Unions have expressed their disappointment and concern after their efforts to prevent thousands of job losses at Tata Steel were rejected by the company. In January, Tata announced plans to cut up to 2,800 jobs in the UK, with the majority of those job losses taking place at the Port Talbot steelworks in South Wales. This decision was made following the company’s confirmation of their desire to close down the blast furnaces at the plant and replace them with electric arc furnaces, in an effort to reduce emissions and costs.
Representatives from GMB, Unite, and Community unions met with Tata counterparts at a London hotel on Thursday morning to discuss potential solutions. However, the GMB reported that Tata informed them of their decision to close the blast furnaces by the end of September, describing it as an “unwelcome but expected slap in the face.” Tata has consistently defended their £1.25bn investment as a means of securing the future of steelmaking in the UK, stating that it would not only protect jobs but also reduce carbon emissions by five million tonnes per year and potentially spark a green industrial revolution in South Wales.
Despite Tata’s assurances, it is now widely anticipated that the company’s operations will face strike action.
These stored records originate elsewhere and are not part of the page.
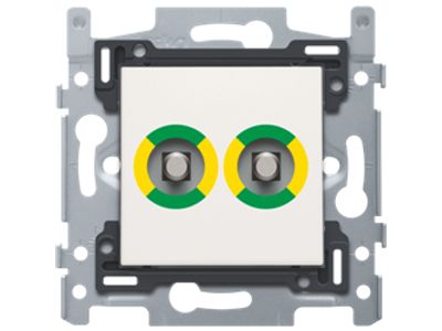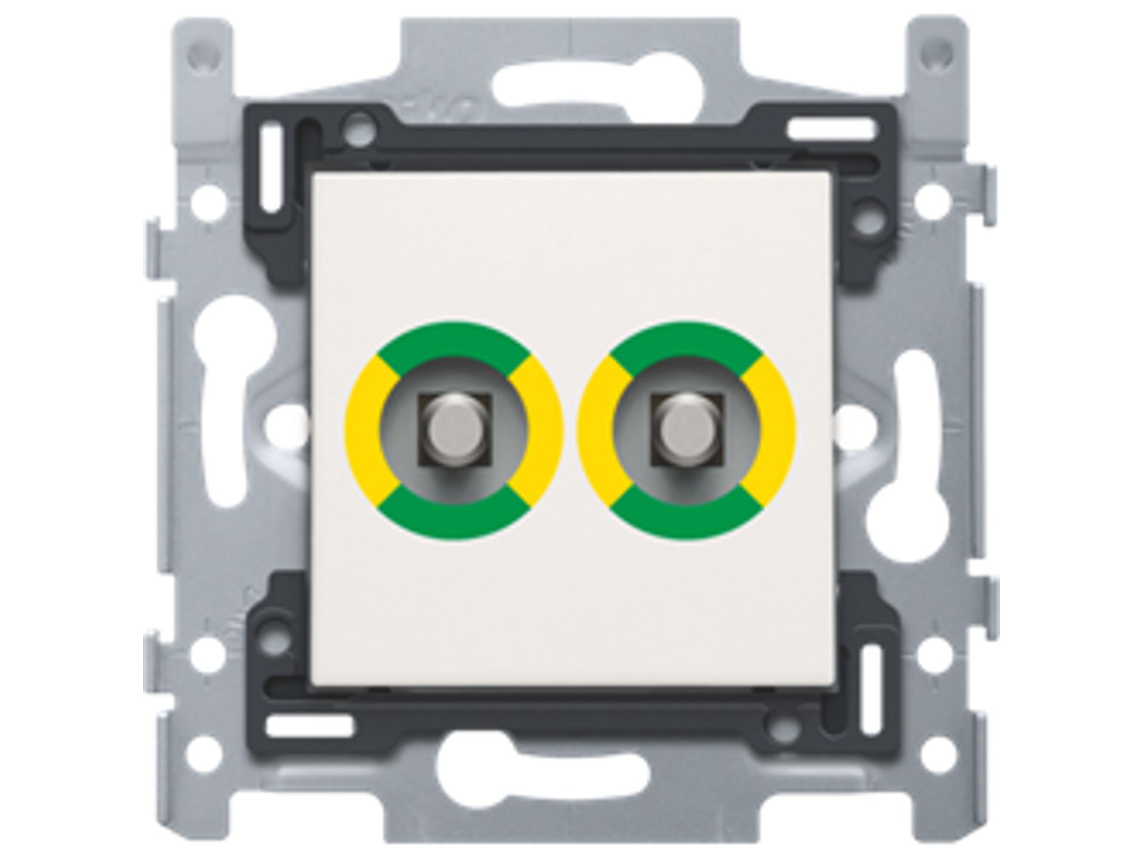 Samengestelde contactdoos (sokkel en afwerkingsset). De sokkel is uitgerust met schroefbevestiging. De contactdoos heeft een potentiaalvereffening. Afwerkingskleur: white
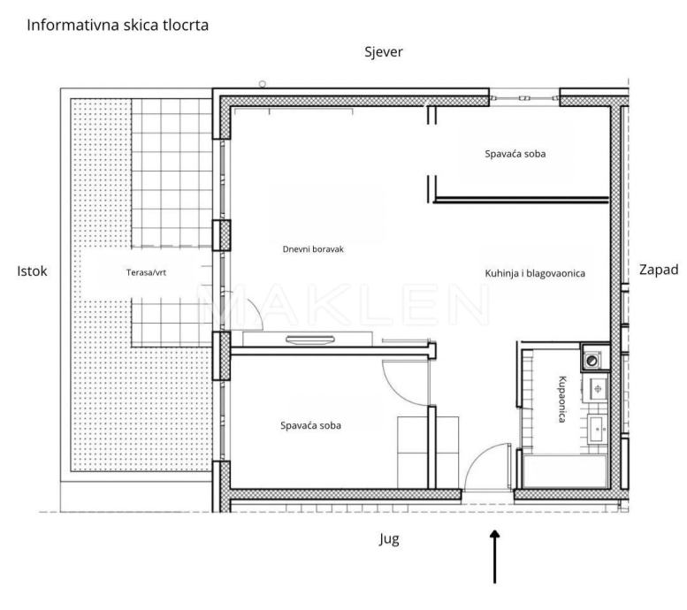 Stan se sastoji od dnevnog boravka s kuhinjom i blagovaonicom, dvije spavaće sobe, kupaonice, hodnika te natkrivere terase s vrtom.
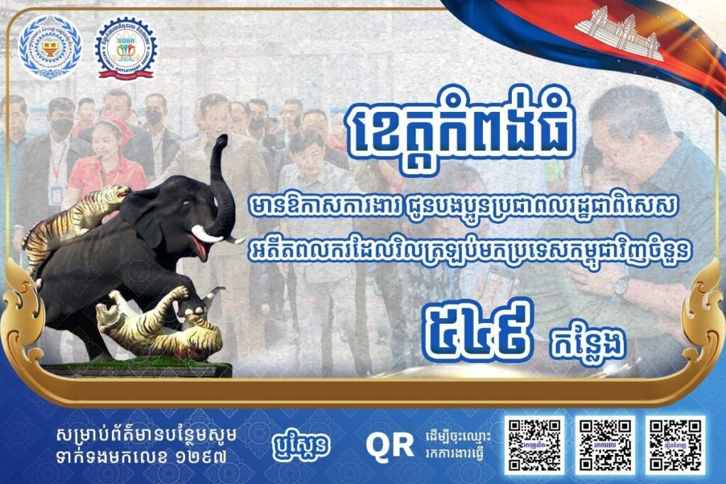 តាមរយៈការផ្សព្វផ្សាយ ក្រសួងការងារបានឱ្យដឹងថា គិតត្រឹមថ្ងៃទី ១៣ ខែមេសា ឆ្នាំ២០២៦នេះ ខេត្តកំពង់ចាម ខេត្តកំពង់ឆ្នាំង និងខេត្តកំពង់ធំមានឱកាសការងារសរុបចំនួន ៦,៨៦១កន្លែង កំពុងរង់ចាំបងប្អូនអតីតពលករត្រឡប់មកពីប្រទេសថៃ និងអ្នកកំពុងស្វែងរកការងារធ្វើនៅក្នុងវិស័យកសិកម្ម ឧស្សាហកម្ម និងវិស័យសេវាកម្ម។
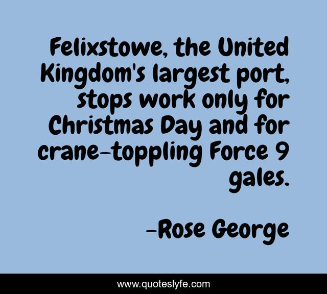 This page presents the quote "Felixstowe, the United Kingdom's largest port, stops work only for Christmas Day and for crane-toppling Force 9 gales.". Author of this quote is Rose George. This quote is about work, day, port,.
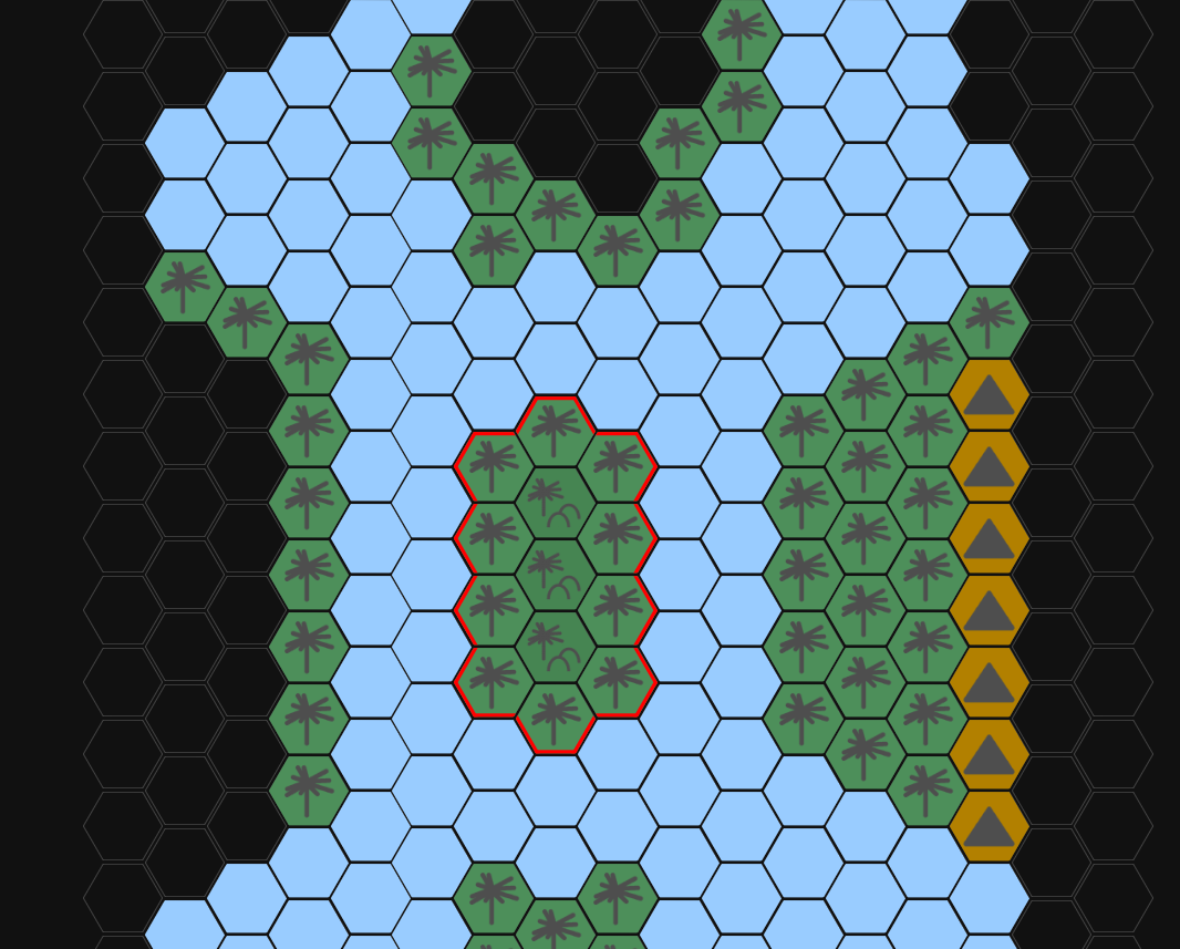 >A dry hot desert pressed against the ocean a grand river feeds it every few moon the river's belly swells flooding the plains where your crops rest. Most game is in the river and hostile defending their territory, yet they have to where to retreat the desert is too harsh and they don't seem to like the ocean. The river is fed by large mountains. Technolgy: Agriculture IV Resources: Game II Wild Plants I Lumber: II Tamable Animals IV

Members of Community and the GMB are currently being balloted on whether to walk out over the proposed changes, while Unite members have already voted in favor of industrial action. The unions had urged Tata to consider an alternative plan that would increase productivity and safeguard jobs throughout the supply chain, rather than relying on the government-supported switch to “green steel.” They argued that Tata’s plans would result in the elimination of the UK’s last “virgin” steelmaking facility and leave thousands of employees without jobs for no valid reason.
Community general secretary Roy Rickhuss expressed his disappointment with Tata’s rejection of the multi-union plan, stating that it was a viable and ambitious alternative to the company’s detrimental proposal. He refuted Tata’s claims that the plan was too expensive, stating that it would have returned the company to profitability and that the additional capital needed could have been funded with an additional £450m from the government – a small amount compared to what other European countries are investing in their domestic steel industries. Rickhuss emphasized that even though Tata has made their decision, the unions will continue to fight for their jobs, the industry, and their communities.
Tata Steel’s chief executive and managing director, TV Narendran, commented on the outcome, stating that after carefully considering all options and consulting with union representatives over the past seven months, the company has decided to proceed with their proposed restructuring and transition. Narendran explained that their plan is the most viable option, in contrast to the unions’ plan, which they deemed unaffordable and with high operational and safety risks. He also assured that their proposal would secure the long-term future of the business and preserve the majority of jobs in the UK. Narendran added that they will continue to work with the trade unions over the next two weeks to reach an understanding on the future of the UK business and its impact on their employees. He also reiterated Tata Steel’s commitment to creating a low-CO2 steel business and a green industrial ecosystem in Wales and the wider UK, which would not only safeguard steel supplies but also provide economic opportunities for future generations.